But it soon becomes obvious that the psychic sexual sphere is not confined 

to the gratification of conscious physical sexual desire. It is not true 

that hysteria is rare among nuns, some of the most tremendous epidemics of 

hysteria, and the most carefully studied, having occurred in 

convents,[269] while the hysterical phenomena sometimes associated with 

revivals are well known. The supposed prevalence among prostitutes would 

not be evidence against the sexual relationships of hysteria; it has, 

however, been denied, even by so great an authority as Parent-Duchatelet 

who found it very rare, even in prostitutes in hospitals, when it was 

often associated with masturbation; in prostitutes, however, who returned 

to a respectable life, giving up their old habits, he found hysteria 

common and severe.[270] The frequent absence of physical sexual feeling, 

again, may quite reasonably be taken as evidence of a disorder of the 

sexual emotions, while the undoubted fact that sexual intercourse usually 

has little beneficial effect on pronounced hysteria, and that sexual 

excitement during sleep and sexual hallucinations are often painful in 

the same condition, is far from showing that injury or repression of the 

sexual emotions had nothing to do with the production of the hysteria.
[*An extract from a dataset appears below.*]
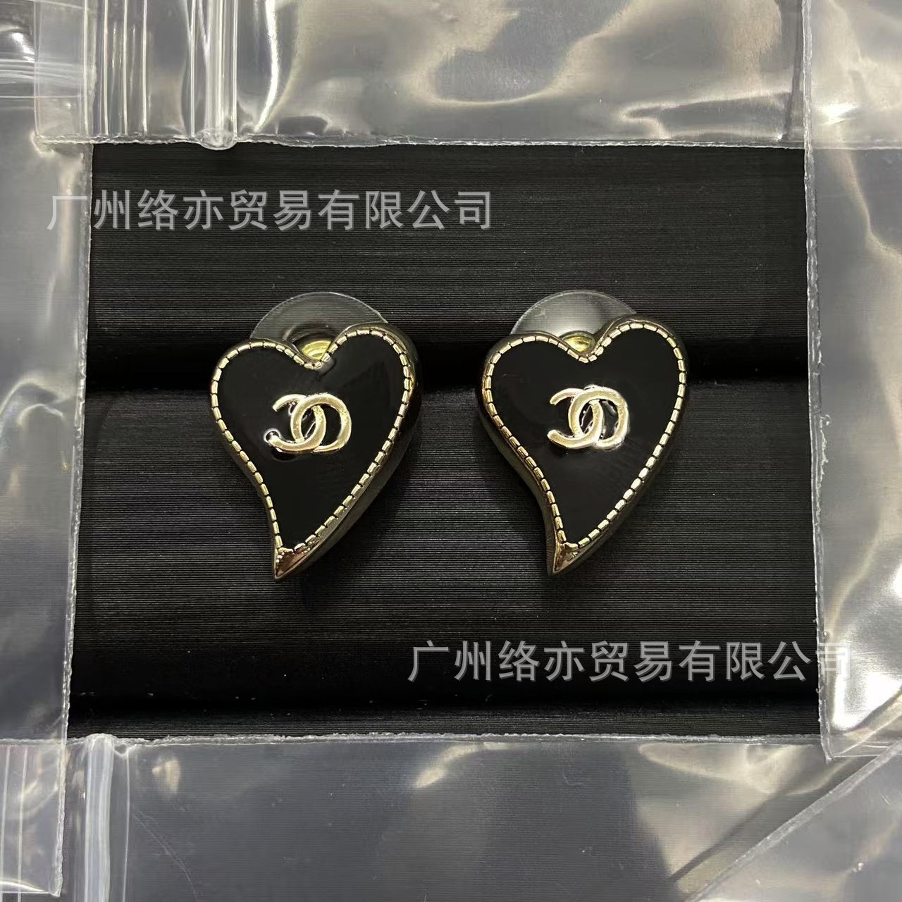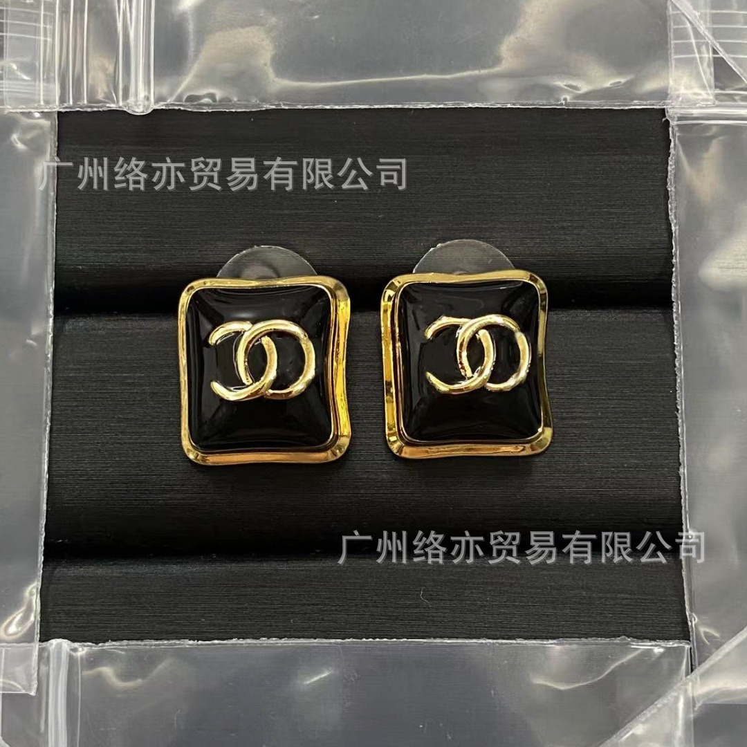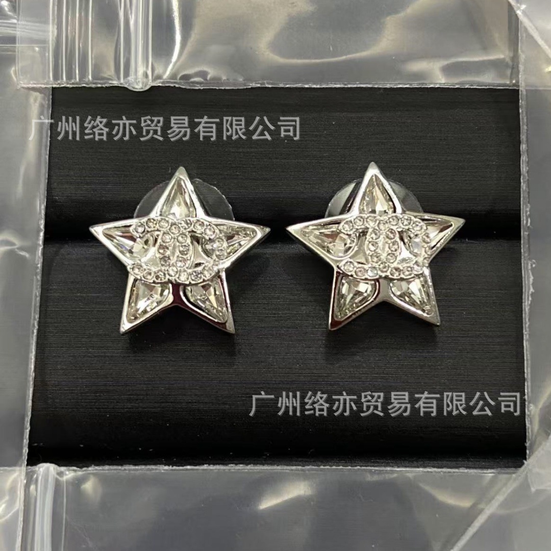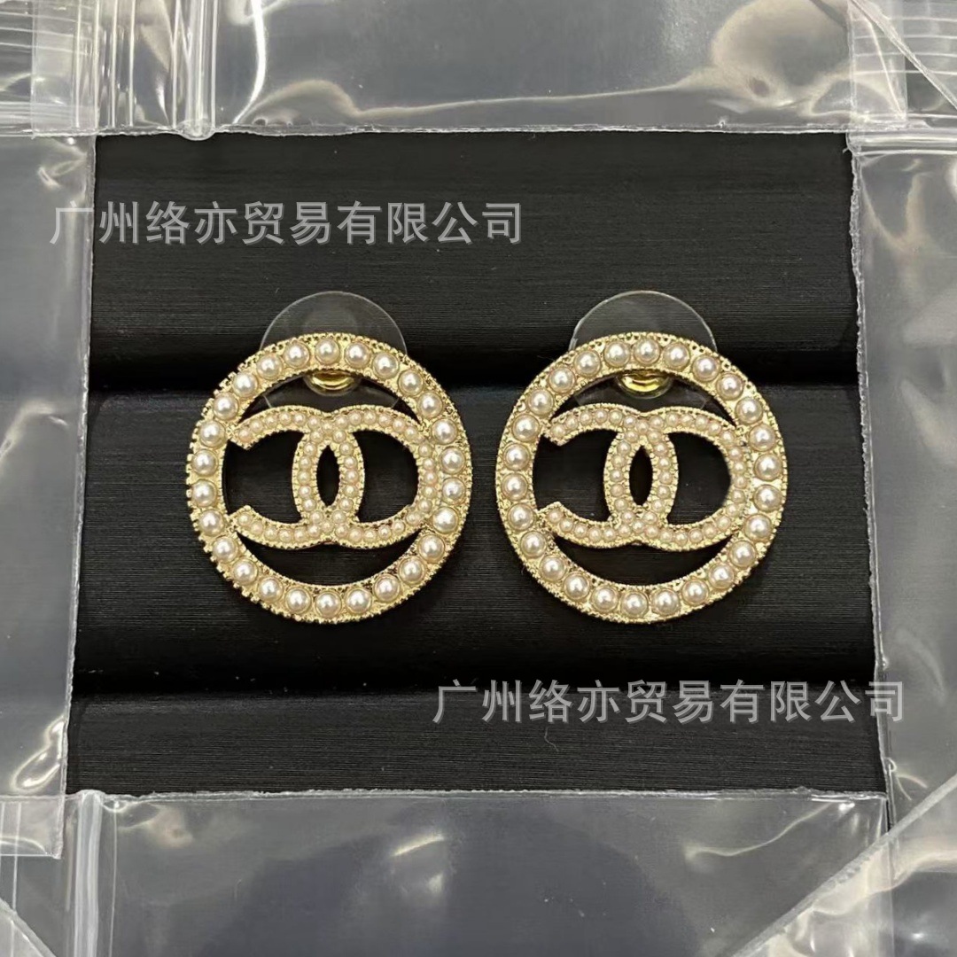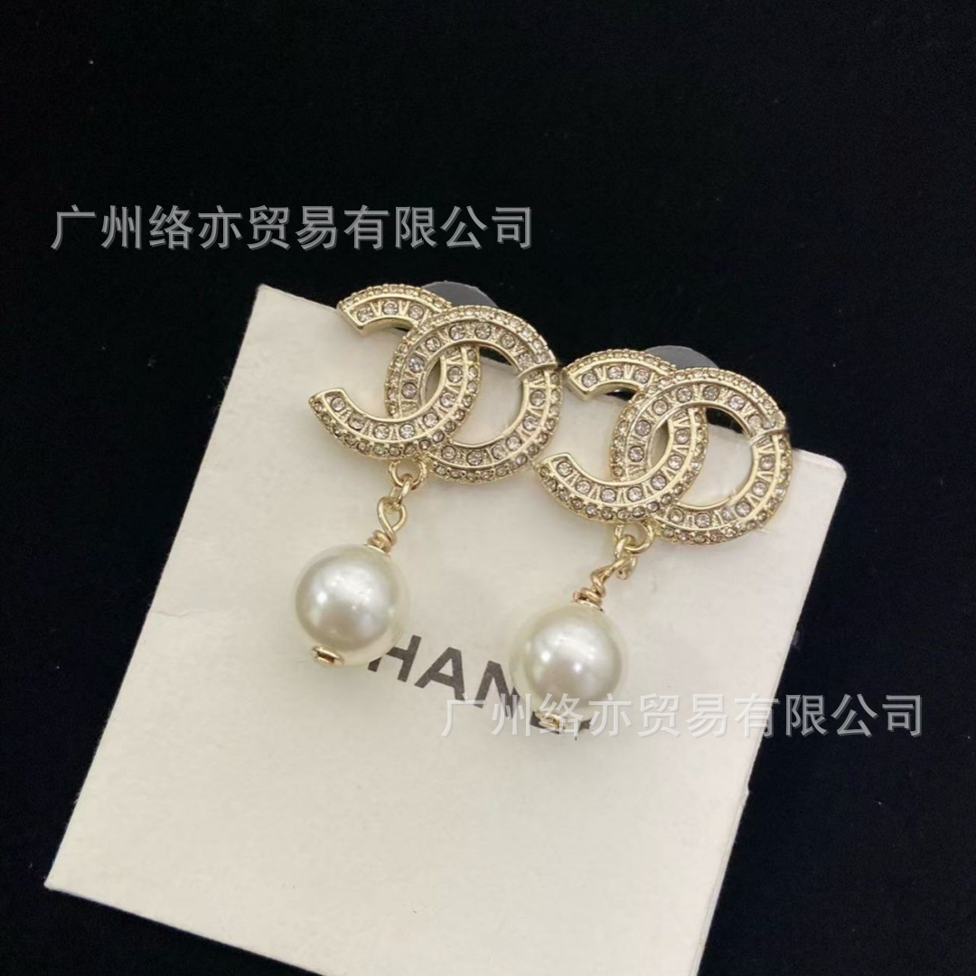 高版本香家镶钻双C耳钉爱心心形香奶奶耳钉时尚百搭小香风耳饰女

It 

would be as reasonable to argue that the evil effect of a heavy meal on a 

starving man must be taken as evidence that he was not suffering from 

starvation. The fact, indeed, on which Gilles de la Tourette and others 

have remarked, that the hysterical often desire not so much sexual 

intercourse as simple affection, would tend to show that there is here a 

real analogy, and that starvation or lesion of the sexual emotions may 

produce, like bodily starvation, a rejection of those satisfactions which 

are demanded in health. Thus, even a mainly _a priori_ examination of the 

matter may lead us to see that many arguments brought forward in favor of 

Charcot's position on this point fall to the ground when we realize that 

the sexual emotions may constitute a highly complex sphere, often hidden 

from observation, sometimes not conscious at all, and liable to many 

lesions besides that due to the non-satisfaction of sexual desire. At the 

same time we are not thus enabled to overthrow any of the positive results 

attained by Charcot and his school.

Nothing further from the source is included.